Transformers Remember First, Forget Last: Dual-Process Interference in LLMs
This reveals a primacy bias in transformers that could impact interference-heavy applications like question-answering or summarization, though it is incremental in applying cognitive psychology paradigms to LLMs.
The study investigated how large language models handle conflicting information in context, finding that they universally prioritize early memories over recent ones, with proactive interference dominating retroactive interference (Cohen's d = 1.73, p < 0.0001), opposite to human memory patterns.
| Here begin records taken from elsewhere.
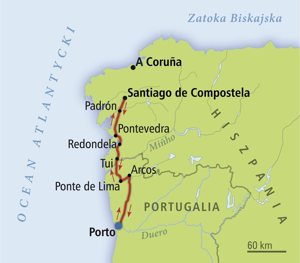 Porto • Arcos • Ponte de Lima • Tui • Redondela • Pontevedra • Padrón • Santiago de Compostela • Porto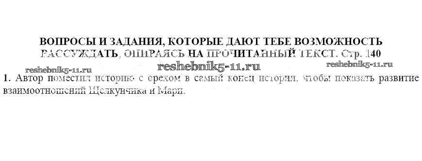 Решебник / часть 1 / Щелкунчик и мышиный король / Вопросы и задания, которые дают тебе возможность рассуждать, опираясь на прочитанный текст (стр. 140) / 1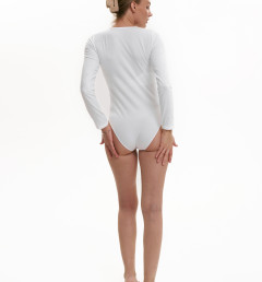 Классическое женское боди Kota белого цвета с длинными рукавами. Удобное крепление в виде 2 крючков. Боди изготовлено из 93% хлопка и 7% эластана.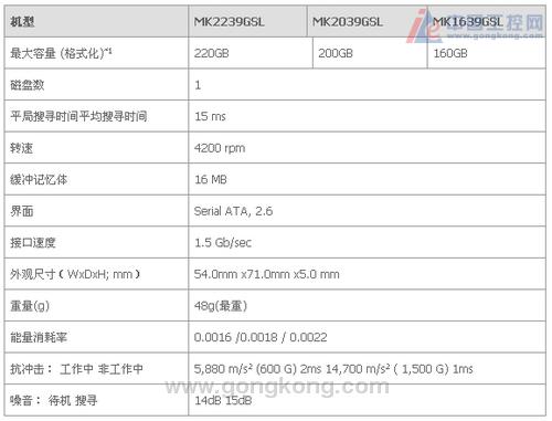 MKxx39GSL系列硬盘同时满足体积小,重量轻及高储存容量的市场需求,三款硬盘皆配备16MB缓存记忆体,提供高效能运作。东芝新款1.8寸硬盘不仅具备轻巧外型,更是SATA界面硬盘中最为省电的机种,工作时格外安静,并拥有出色的抗冲击能力,抗冲击性比最坚固的2.5寸硬盘多了66%。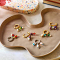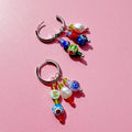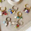 Zero waste jewellery. Colour pop bead earrings on huggie hoops. Crafted from Millefiori pressed glass beads and freshwater Pearls. Mix and match, in line with the no waste ethos, and therefore not exactly the same, but they will be similar to those shown in the images. There are a mix of pearls, hearts and round beads in fun colour poppin' shades of red, green, blue, white, yellow, black and clear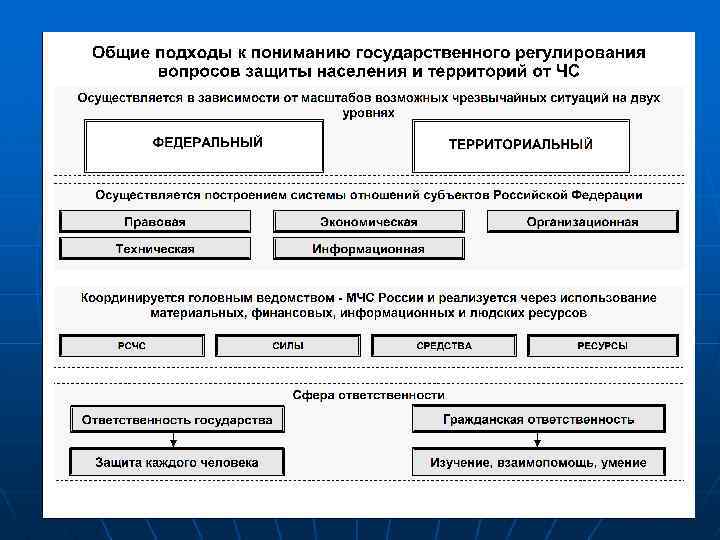 Основные понятия: n n Защита населения - комплекс взаимоувязанных по месту, времени, цели, ресурсам мероприятий по устранению или снижению на пострадавших территориях до приемлего уровня угрозы жизни и здоровью людей в случае реальной опасности возникновения или в условиях реализации опасных и вредных факторов стихийных бедствий техногенных аварий и катастроф. Защита территорий - комплекс организационных, экологических, инженерно-технических, природоохранных, специальных и иных мероприятий, направленных на предупреждение возникновения источников ЧС, подготовку к преодолению вызванных ими опасностей и ликвидации их последствий с целью снижения потерь и разрушений на объектах экономики и личного имущества граждан, а также на ограничение ущерба окружающей природной среде при ЧС.

When large language models encounter conflicting information in context, which memories survive -- early or recent? We adapt classical interference paradigms from cognitive psychology to answer this question, testing 39 LLMs across diverse architectures and scales. Every model shows the same pattern: proactive interference (PI) dominates retroactive interference (RI) universally (Cohen's d = 1.73, p < 0.0001), meaning early encodings are protected at the cost of recent information -- the opposite of human memory, where RI typically dominates. Three findings indicate that RI and PI reflect separate memory mechanisms. RI and PI are uncorrelated (R^2 = 0.044), rejecting a unified "memory capacity." Model size predicts RI resistance (R^2 = 0.49) but not PI (R^2 = 0.06, n.s.) -- only RI is capacity-dependent. And error analysis reveals distinct failure modes: RI failures are passive retrieval failures (51%), while PI failures show active primacy intrusion (56%); both show <1% hallucination. These patterns parallel the consolidation-retrieval distinction in cognitive science, suggesting that transformer attention creates a primacy bias with direct implications for interference-heavy applications.